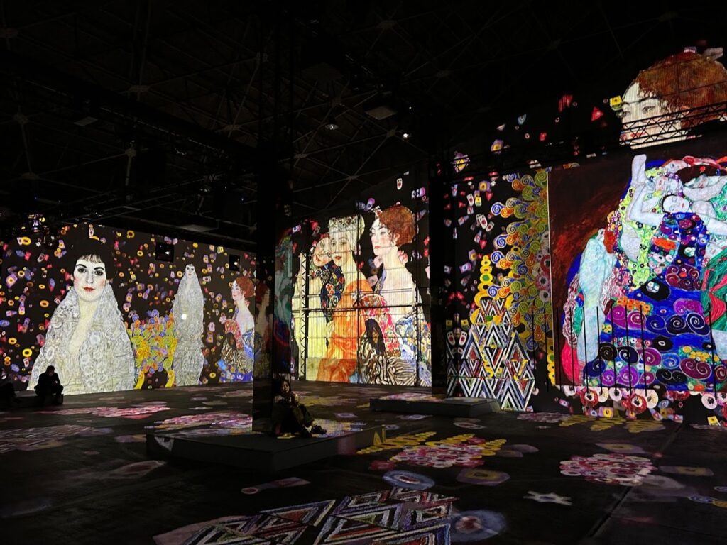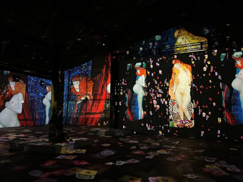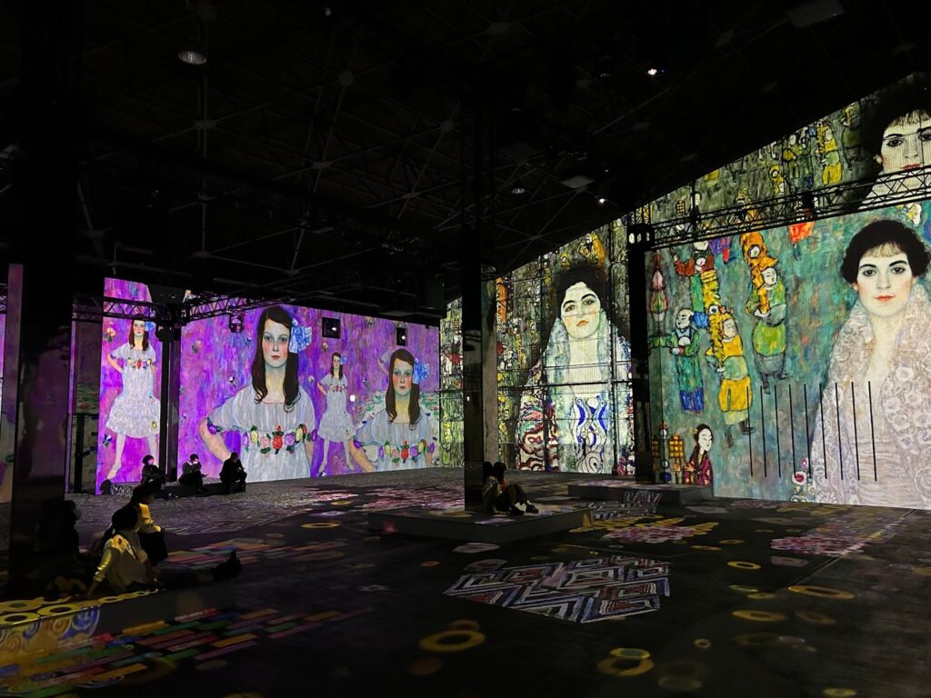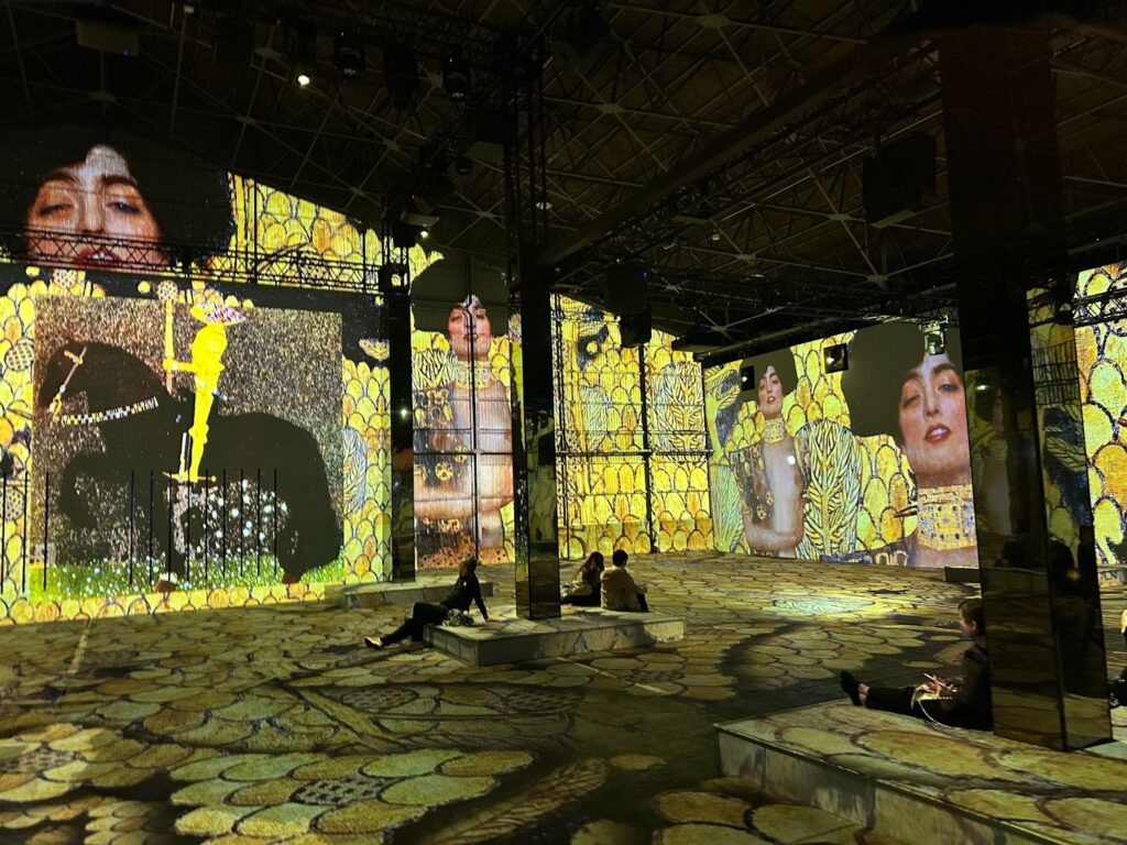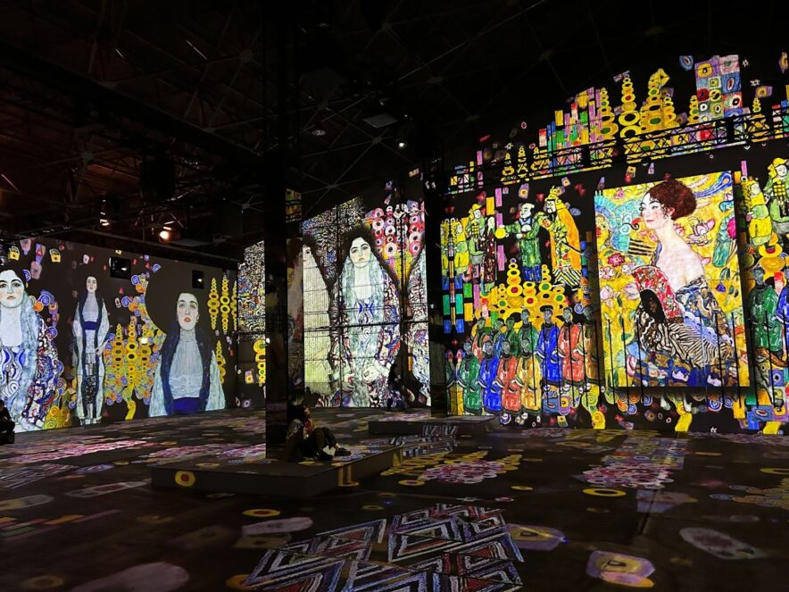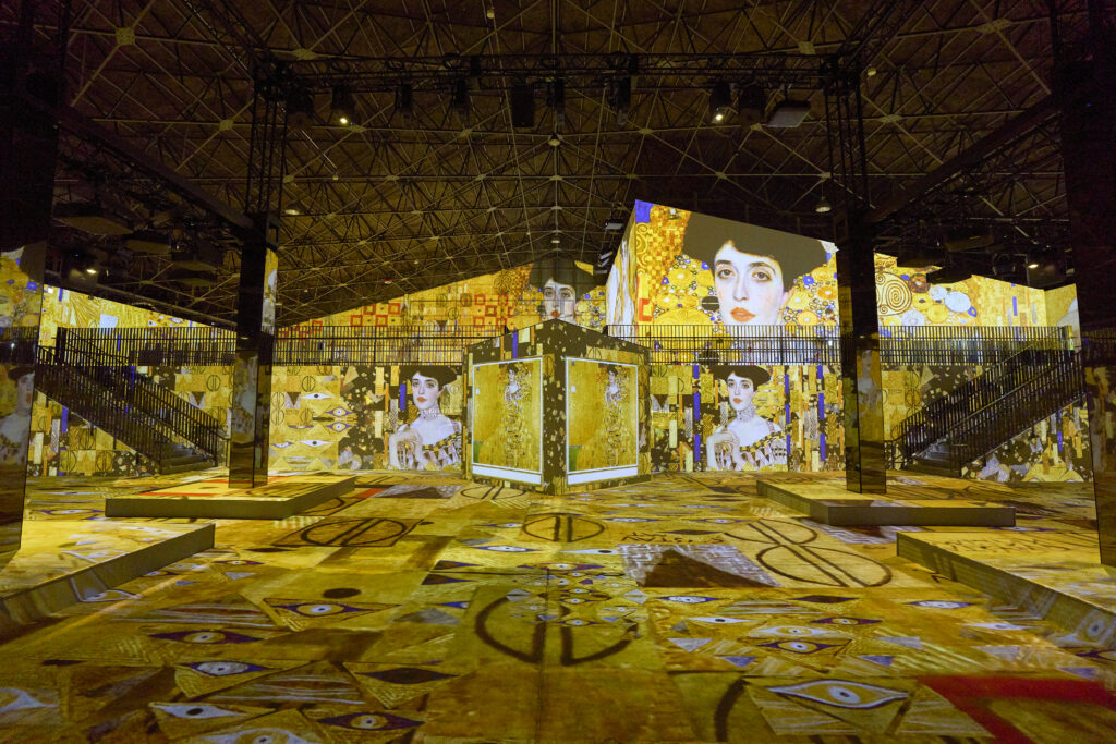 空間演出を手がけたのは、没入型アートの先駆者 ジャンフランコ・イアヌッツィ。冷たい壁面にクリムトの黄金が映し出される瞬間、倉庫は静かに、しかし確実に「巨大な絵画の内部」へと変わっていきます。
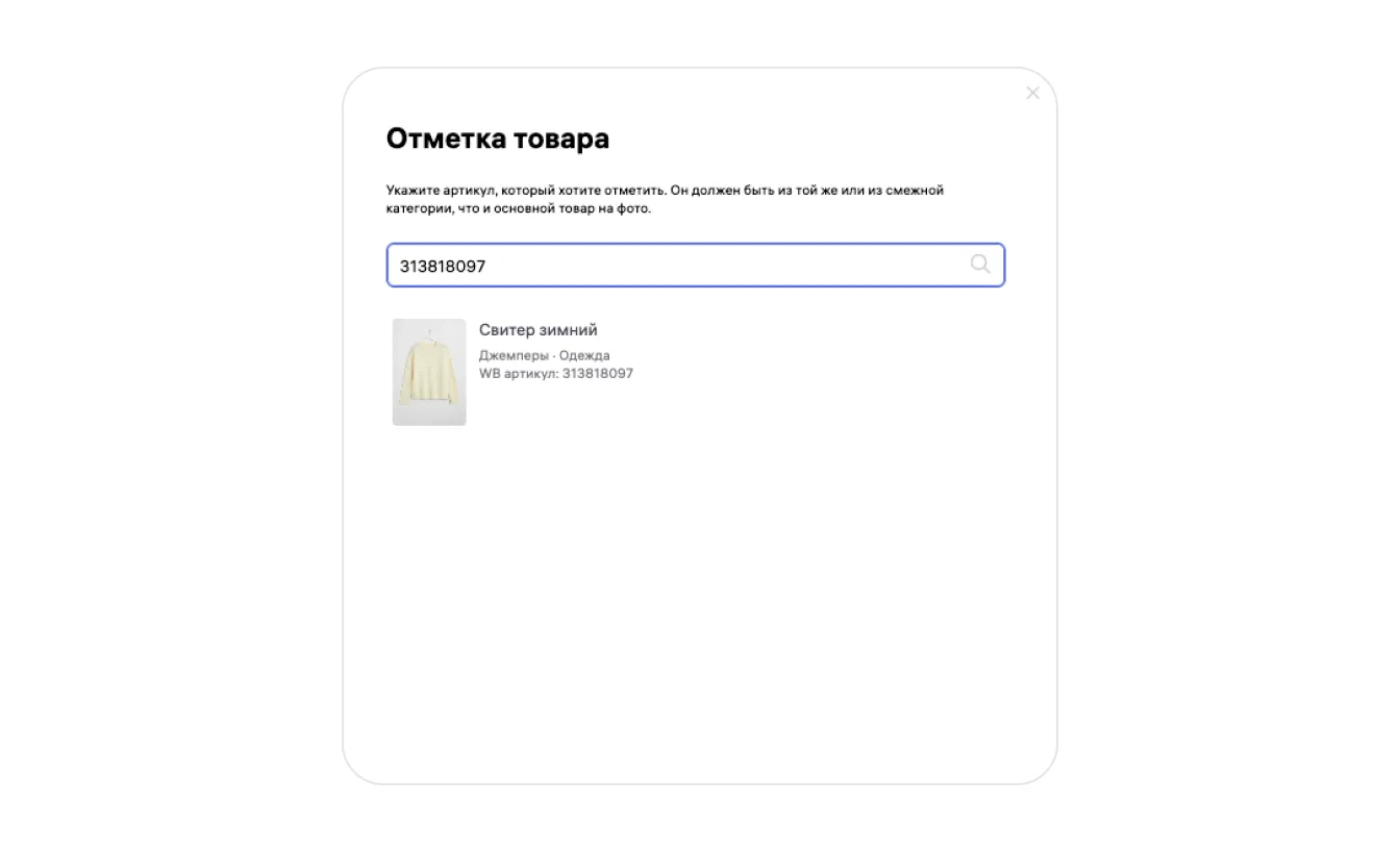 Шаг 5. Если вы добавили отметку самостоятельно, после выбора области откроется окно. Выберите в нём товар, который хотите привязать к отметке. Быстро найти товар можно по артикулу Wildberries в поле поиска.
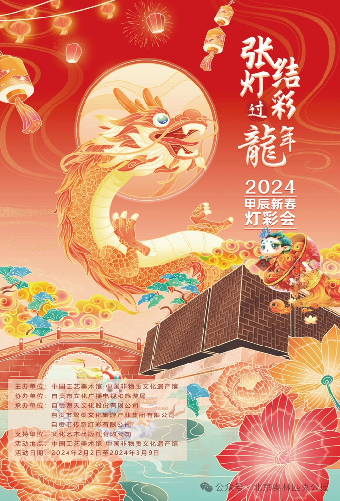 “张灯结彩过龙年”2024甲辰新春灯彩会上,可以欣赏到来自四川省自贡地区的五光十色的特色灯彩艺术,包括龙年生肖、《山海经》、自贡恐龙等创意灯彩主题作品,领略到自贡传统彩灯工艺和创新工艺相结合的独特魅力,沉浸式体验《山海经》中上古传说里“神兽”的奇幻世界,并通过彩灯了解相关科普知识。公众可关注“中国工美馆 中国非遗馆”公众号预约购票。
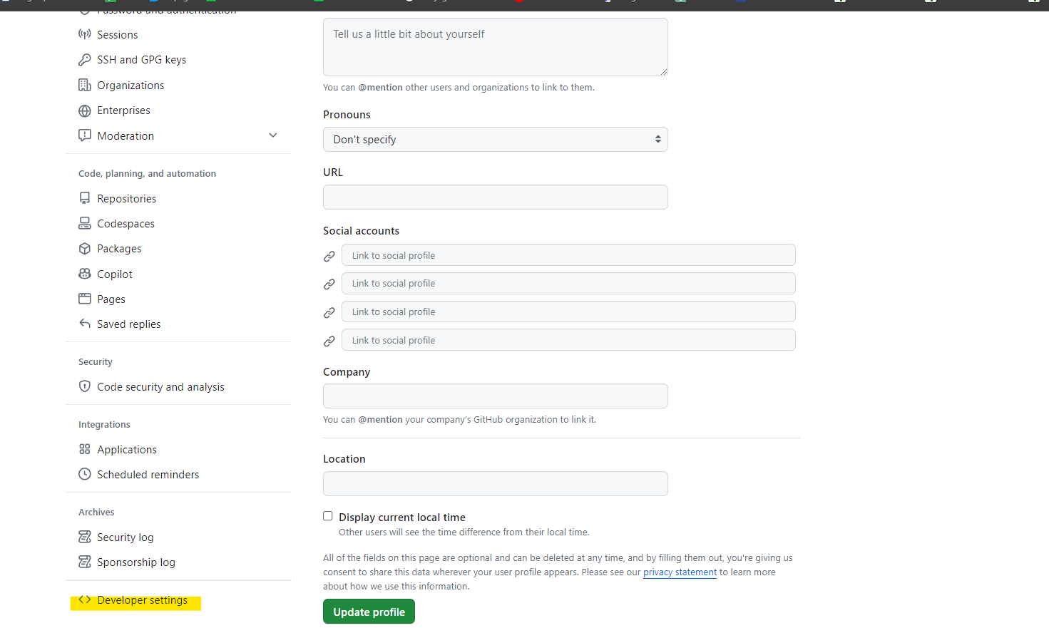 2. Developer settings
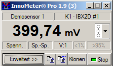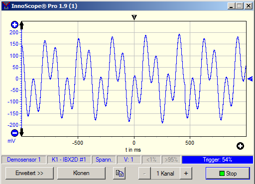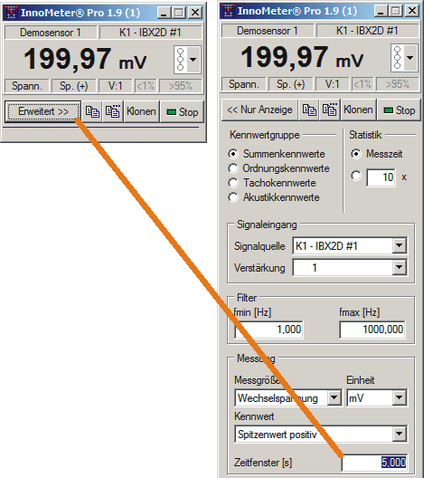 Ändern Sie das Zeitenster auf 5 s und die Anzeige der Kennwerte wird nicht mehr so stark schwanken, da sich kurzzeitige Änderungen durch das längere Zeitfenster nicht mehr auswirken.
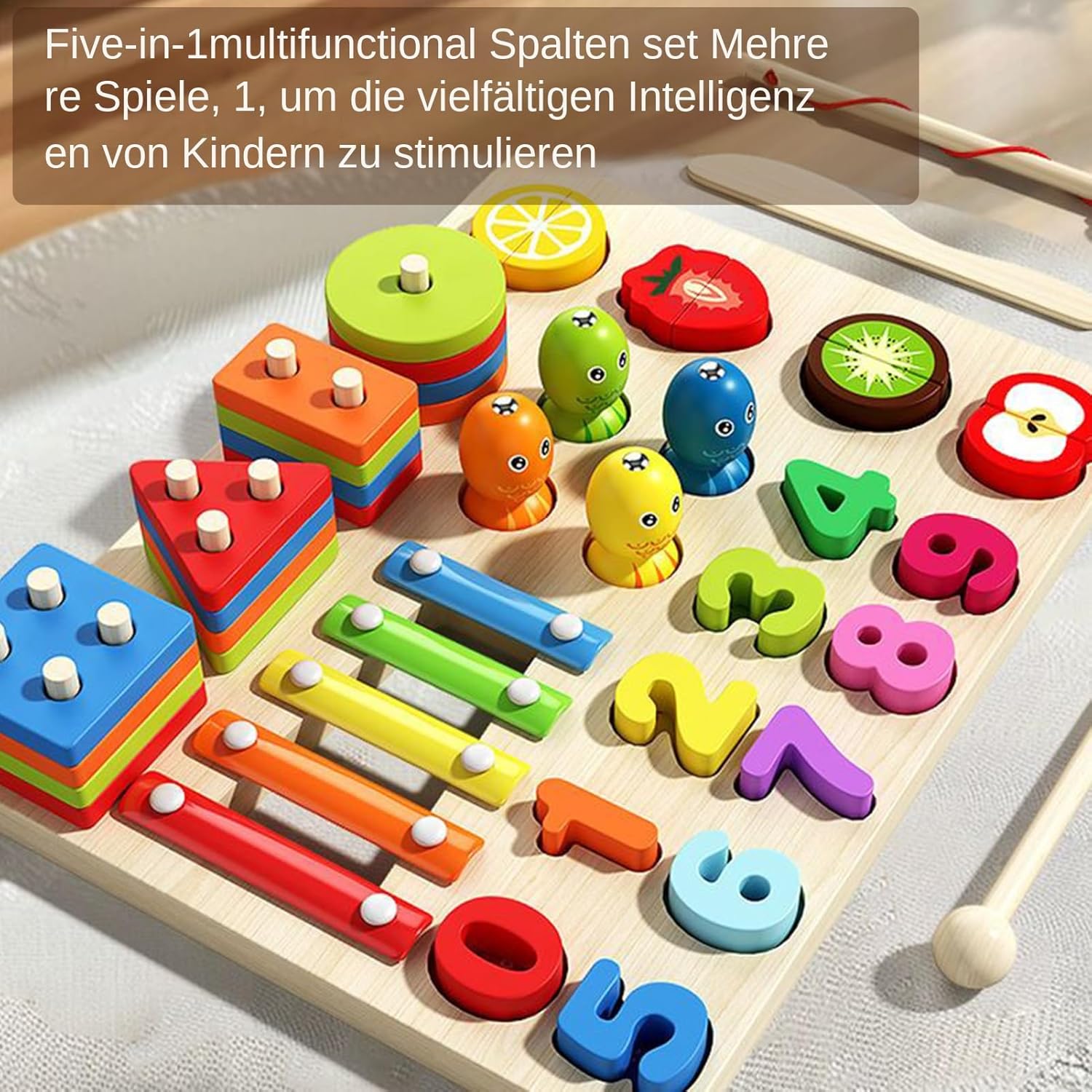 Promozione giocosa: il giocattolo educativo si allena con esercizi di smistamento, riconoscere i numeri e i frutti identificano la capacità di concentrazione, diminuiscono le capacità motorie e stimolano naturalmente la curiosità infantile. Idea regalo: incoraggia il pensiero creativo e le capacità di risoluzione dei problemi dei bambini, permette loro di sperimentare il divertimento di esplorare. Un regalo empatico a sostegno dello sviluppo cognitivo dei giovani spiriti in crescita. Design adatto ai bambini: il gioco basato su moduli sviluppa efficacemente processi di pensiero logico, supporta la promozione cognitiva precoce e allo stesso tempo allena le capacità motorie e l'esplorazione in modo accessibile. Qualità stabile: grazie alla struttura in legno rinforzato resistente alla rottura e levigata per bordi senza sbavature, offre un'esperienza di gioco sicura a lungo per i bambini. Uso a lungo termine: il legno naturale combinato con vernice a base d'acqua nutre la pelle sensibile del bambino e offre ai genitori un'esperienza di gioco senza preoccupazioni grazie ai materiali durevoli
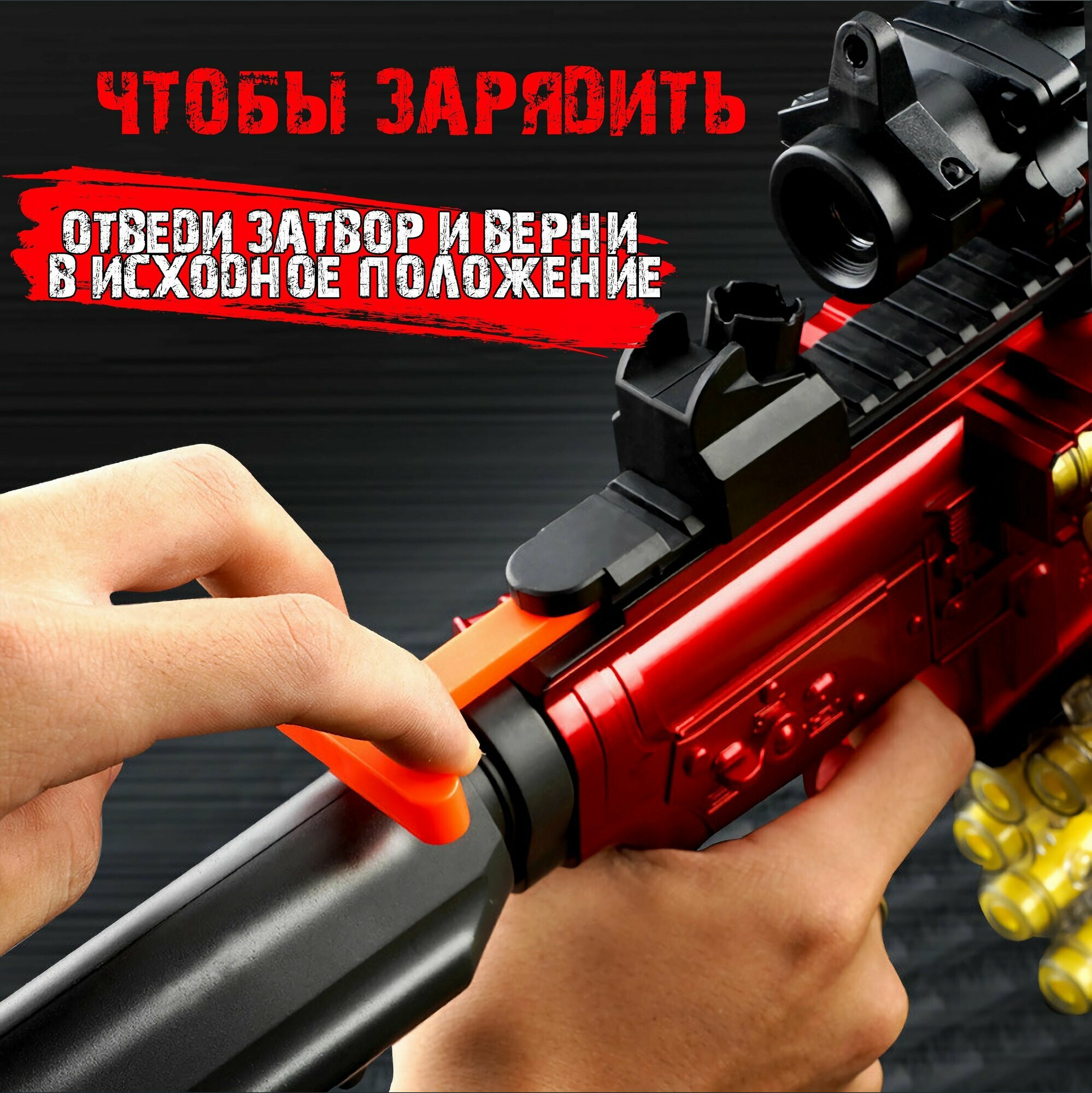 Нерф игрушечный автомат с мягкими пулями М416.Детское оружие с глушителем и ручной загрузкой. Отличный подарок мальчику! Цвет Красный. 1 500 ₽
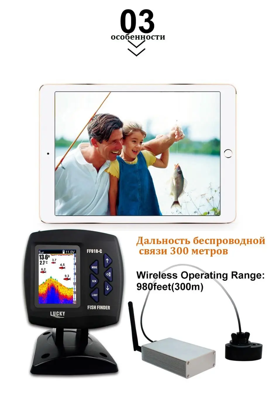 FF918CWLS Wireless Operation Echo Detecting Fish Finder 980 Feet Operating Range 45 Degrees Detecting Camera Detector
##########
§ ACTION ITEM
Print everything from the line with "2. Developer settings" down to the line with "Ändern Sie das" in the entries above, both lines included and nothing more, without the pictures.

§ RESPONSE AREA
 2. Developer settings
 Ändern Sie das Zeitenster auf 5 s und die Anzeige der Kennwerte wird nicht mehr so stark schwanken, da sich kurzzeitige Änderungen durch das längere Zeitfenster nicht mehr auswirken.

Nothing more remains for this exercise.